** Exercise instructions **
Please copy the lines below, exactly as they are, from the one with "11月19日,在新疆于田縣達" through the one with "Komminister Larssons barn", and leave out the pictures.

** Exercise data **
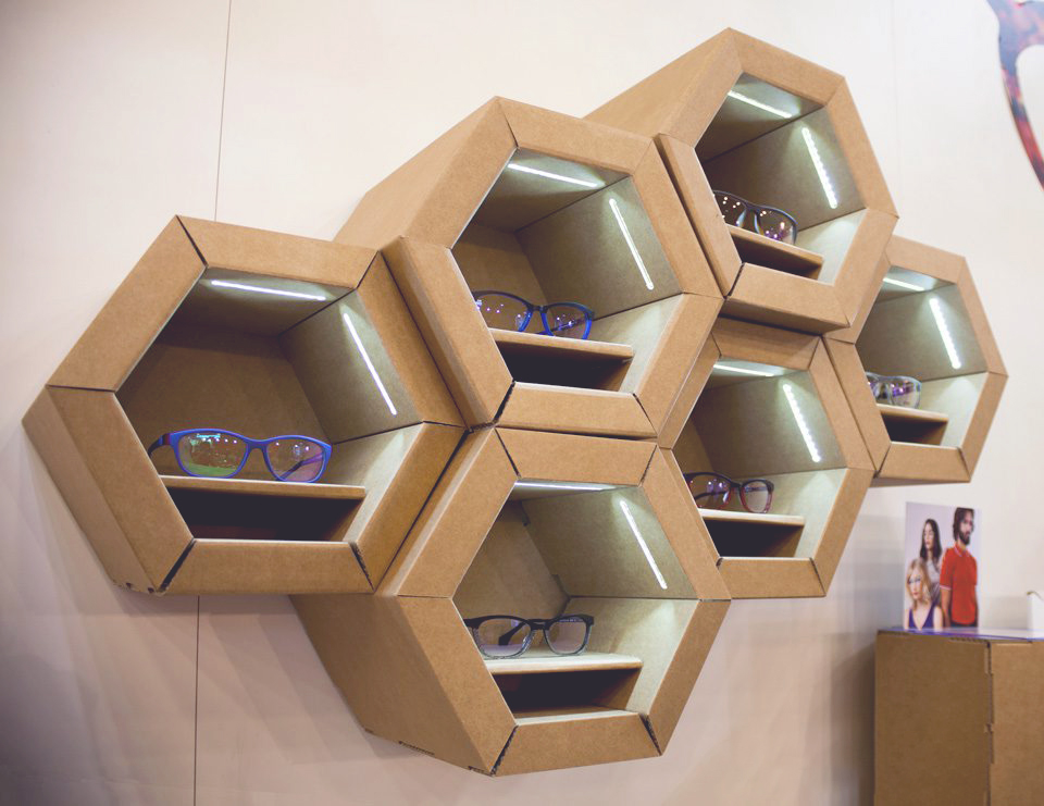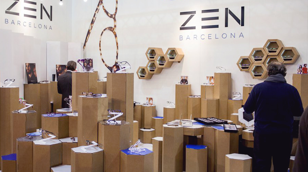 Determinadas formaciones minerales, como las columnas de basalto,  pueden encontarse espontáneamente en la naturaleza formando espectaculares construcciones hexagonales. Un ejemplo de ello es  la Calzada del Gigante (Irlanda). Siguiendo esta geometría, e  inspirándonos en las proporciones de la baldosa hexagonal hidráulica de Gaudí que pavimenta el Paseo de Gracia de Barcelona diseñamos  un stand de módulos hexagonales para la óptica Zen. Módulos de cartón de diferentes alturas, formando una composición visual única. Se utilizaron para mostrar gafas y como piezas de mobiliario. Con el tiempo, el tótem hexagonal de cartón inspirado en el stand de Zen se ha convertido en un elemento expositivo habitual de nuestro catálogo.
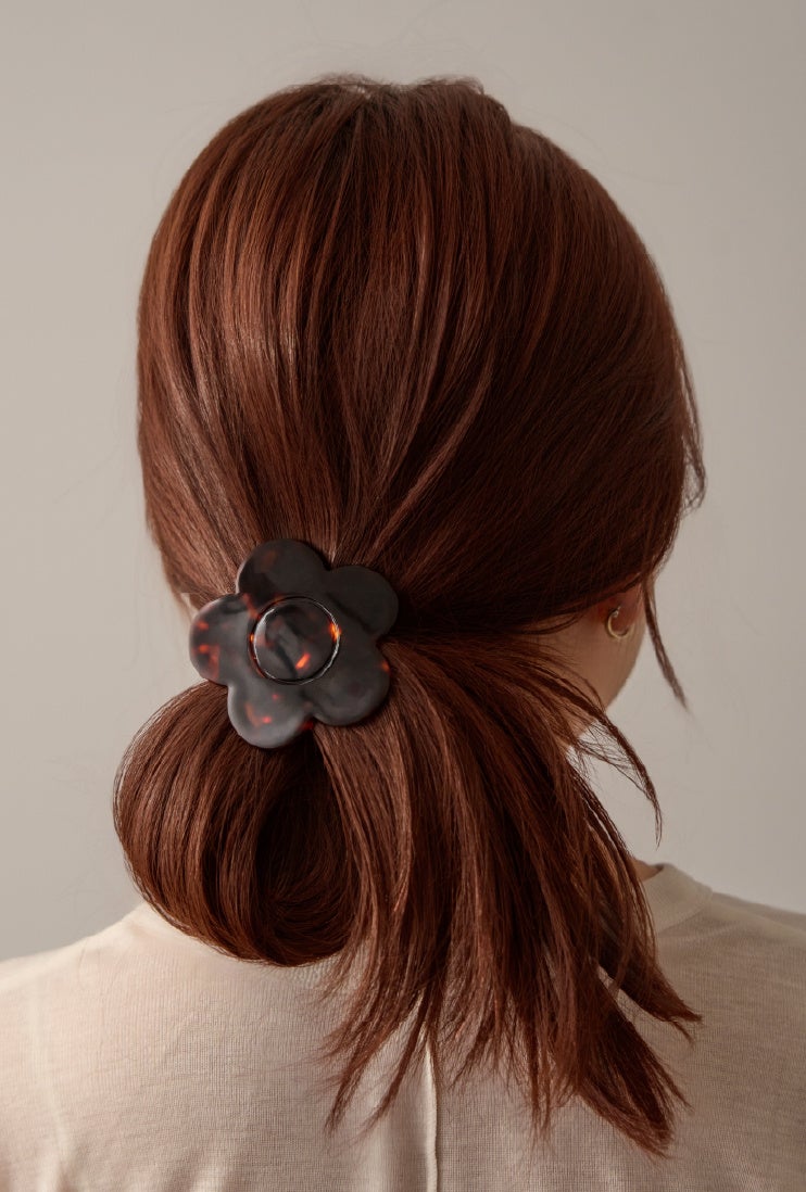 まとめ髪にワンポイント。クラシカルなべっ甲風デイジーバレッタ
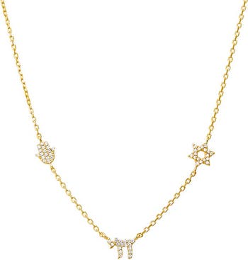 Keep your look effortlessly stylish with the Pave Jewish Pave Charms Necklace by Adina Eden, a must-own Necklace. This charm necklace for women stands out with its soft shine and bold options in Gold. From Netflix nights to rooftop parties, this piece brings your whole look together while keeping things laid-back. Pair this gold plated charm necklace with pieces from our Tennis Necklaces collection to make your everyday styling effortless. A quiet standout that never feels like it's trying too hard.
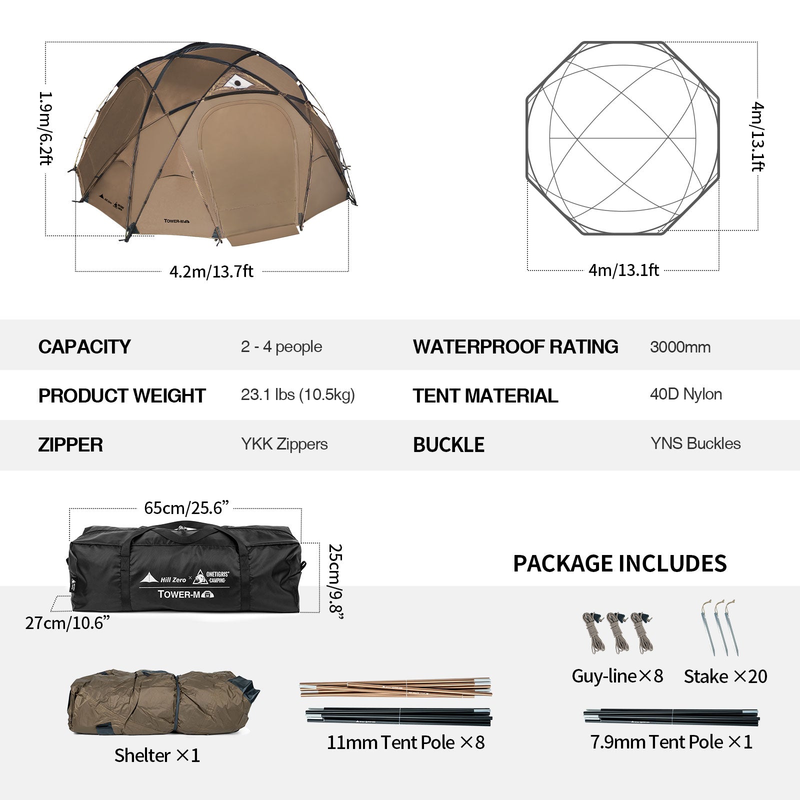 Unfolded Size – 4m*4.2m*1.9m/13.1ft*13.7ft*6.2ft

---

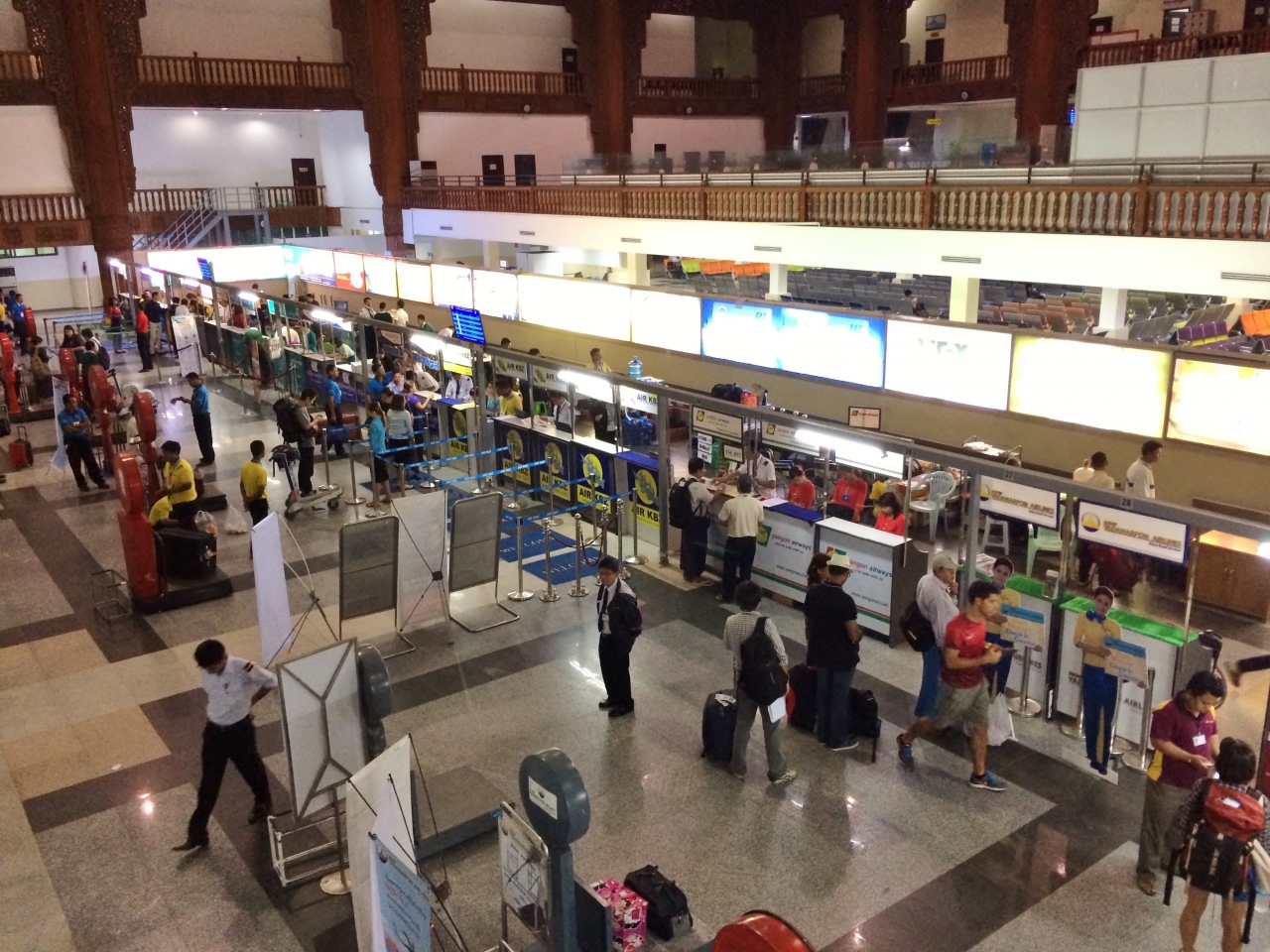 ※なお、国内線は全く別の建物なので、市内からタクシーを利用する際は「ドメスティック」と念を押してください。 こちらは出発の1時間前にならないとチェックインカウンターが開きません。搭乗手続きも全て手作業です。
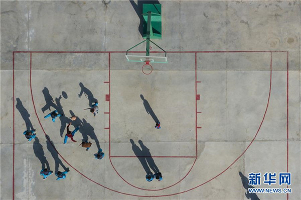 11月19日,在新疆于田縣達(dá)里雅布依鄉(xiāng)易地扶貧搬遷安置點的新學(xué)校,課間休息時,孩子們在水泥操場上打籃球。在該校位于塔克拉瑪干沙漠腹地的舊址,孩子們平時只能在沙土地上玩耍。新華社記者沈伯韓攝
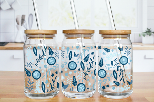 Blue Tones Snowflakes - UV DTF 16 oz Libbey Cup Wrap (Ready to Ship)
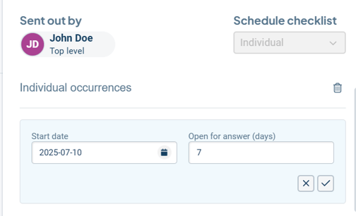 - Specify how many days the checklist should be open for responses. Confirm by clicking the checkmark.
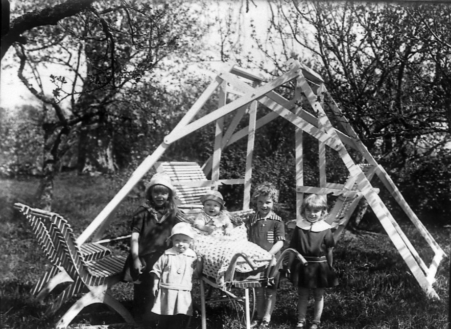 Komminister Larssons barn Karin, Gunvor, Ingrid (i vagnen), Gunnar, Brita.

** The answer **
 11月19日,在新疆于田縣達(dá)里雅布依鄉(xiāng)易地扶貧搬遷安置點的新學(xué)校,課間休息時,孩子們在水泥操場上打籃球。在該校位于塔克拉瑪干沙漠腹地的舊址,孩子們平時只能在沙土地上玩耍。新華社記者沈伯韓攝
 Blue Tones Snowflakes - UV DTF 16 oz Libbey Cup Wrap (Ready to Ship)
 - Specify how many days the checklist should be open for responses. Confirm by clicking the checkmark.
 Komminister Larssons barn Karin, Gunvor, Ingrid (i vagnen), Gunnar, Brita.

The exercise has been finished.